Minister for Culture, Skills and Social Partnership
- In office 17 July 2024 – 12 May 2026
- First Minister: Vaughan Gething Eluned Morgan
- Preceded by: Sarah Murphy
- Succeeded by: Cefin Campbell

Member of the Senedd for Alyn and Deeside
- In office 7 February 2018 – 7 April 2026
- Preceded by: Carl Sargeant
- Succeeded by: Constituency abolished

Personal details
- Born: 1994 (age 31–32) Rhuddlan, Flint, Wales
- Party: Welsh Labour
- Relatives: Carl Sargeant (father)
- Website: https://jacksargeant.wales/

= Jack Sargeant (politician) =

Welsh politician and Member of the Senedd

Jack Sargeant (born 1994) is a Welsh Labour Party politician who served as Member of the Senedd for Alyn and Deeside from 2018 to 2026. He succeeded his father, following the 2018 Alyn and Deeside by-election. While in the Senedd, he served as Minister for Culture, Skills and Social Partnership from July 2024 until he lost his seat at the 2026 Senedd election.

==Background==
Sargeant was born in Rhuddlan in 1994 and attended Connah's Quay High School. He studied for an engineering apprenticeship at Deeside College (now Coleg Cambria) before completing a degree at Glyndŵr University in Wrexham in 2016, then working in DRB.

He was elected as MS for Alyn and Deeside at a by-election held on 6 February 2018. He succeeded his father, the previous incumbent Carl Sargeant after his death in November 2017. At 23 years of age, Jack Sargeant became the youngest ever Assembly Member when he was elected to the National Assembly.

== Campaigns ==
Sargeant is an active campaigner in support of World Suicide Prevention Day, an occasion which is held on 10 September each year.
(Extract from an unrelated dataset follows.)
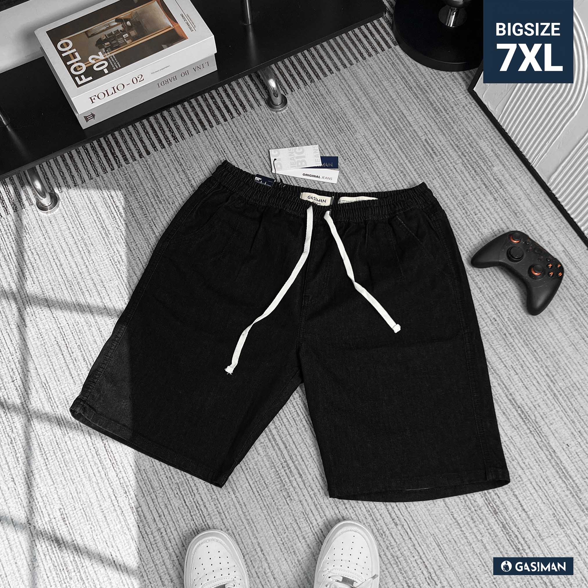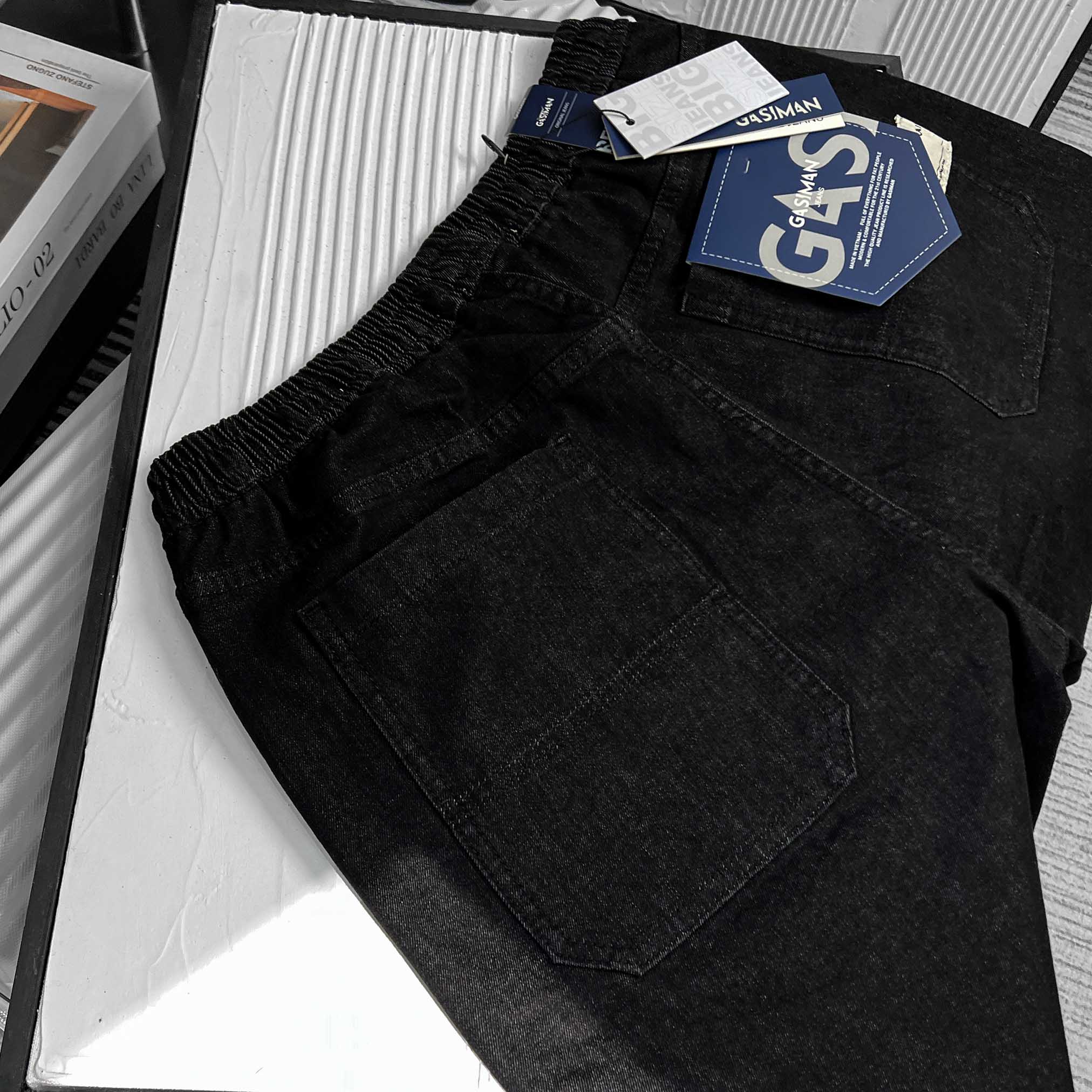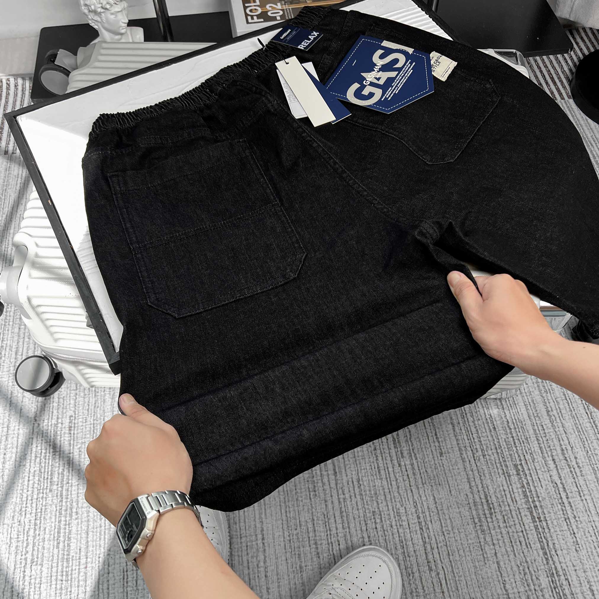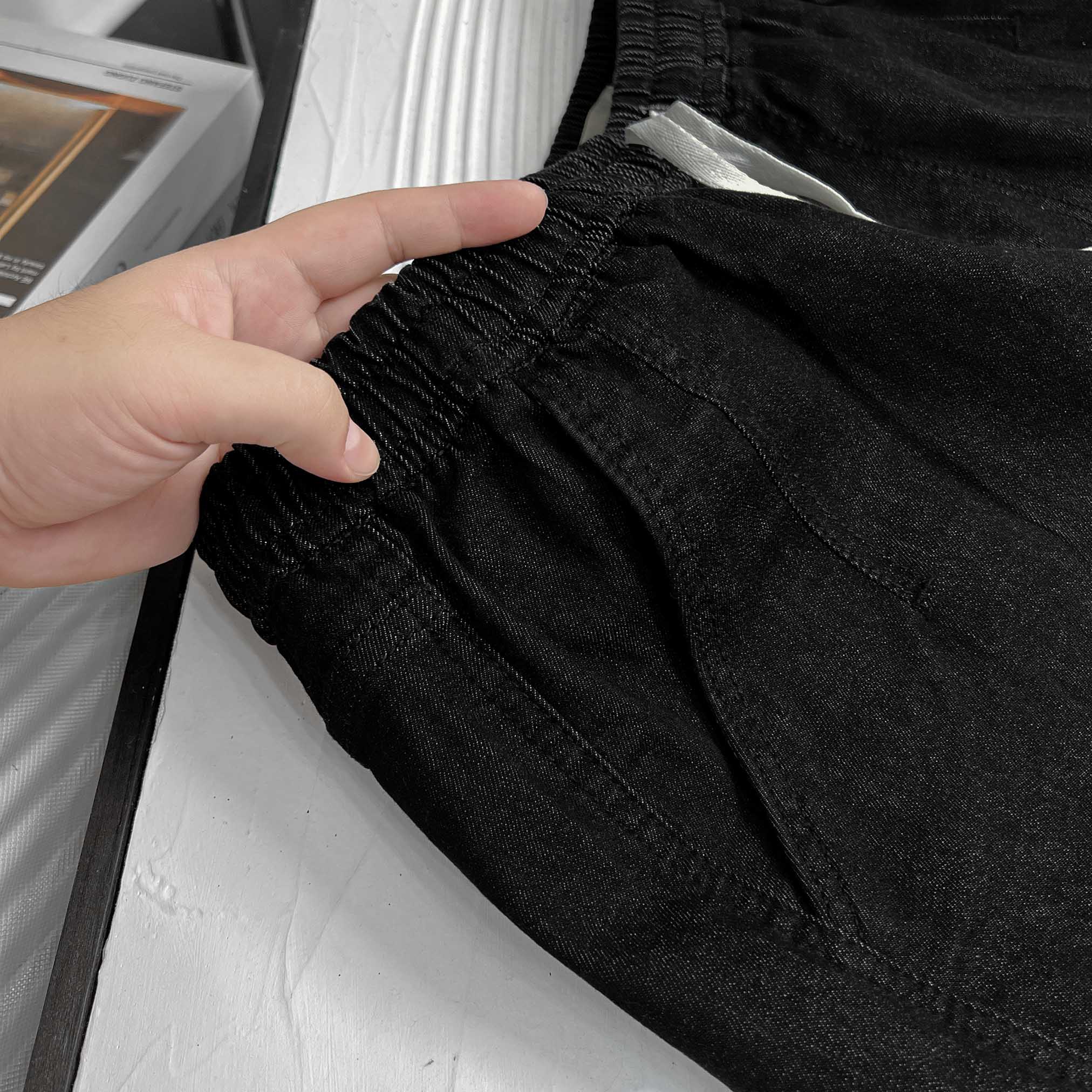 Quần Jean ngắn Lưng thun Xếp ly màu Đen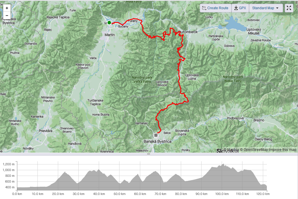 Taký malý, súkromný mtb maratónik: hodinky Coros Apex mi napočítali nejakých 122 km a takmer 3300 m do kopca. Ale o to až tak nešlo – skôr o to, že som potreboval horský bajk do BB odvliecť a konečne raz som sa nemusel ponáhľať vlakom. Lebo medzi Vrútkami a Bystricou sa pohybujem na cesťáku často, sem - tam aj peši prebehnem po hrebeni Veľkej Fatry, ale na horskom bajku som ešte nešiel. Tak som v rámci perspektívnej prípravy už dlhšie hľadal, kade by sa dalo - a našiel som takúto možnosť. Prevažne po cyklotrasách, takmer úplne som sa vyhol hlavným cestám aj asfaltkám. Dali by sa aj viac tie asfalty obabrať, najmä za Liptovskou Osadou, ale už nebol čas. Lebo ranný chládok ma odradil a pohol som sa neskôr ako som plánoval, asi o hodinku. A tiež dva defekty ma trochu zabrzdili v rozlete :-) Ale s tým sa musí rátať, no nie?

He has launched an initiative called The 84, named after the 84 men who take their own lives each week in the UK.

The initiative is backed by major sports clubs in Wales, including Cardiff City F.C., Swansea City A.F.C., Newport County A.F.C., Wrexham A.F.C. and Connah's Quay Nomads F.C., who all agreed to share suicide prevention messages with the hashtag #ItsOkNotToBeOk to support the campaign. The clubs have also worked to include suicide prevention messages into fixtures, such as including Samaritans in their match day events on the weekend of 14 and 15 September, and holding bucket collections.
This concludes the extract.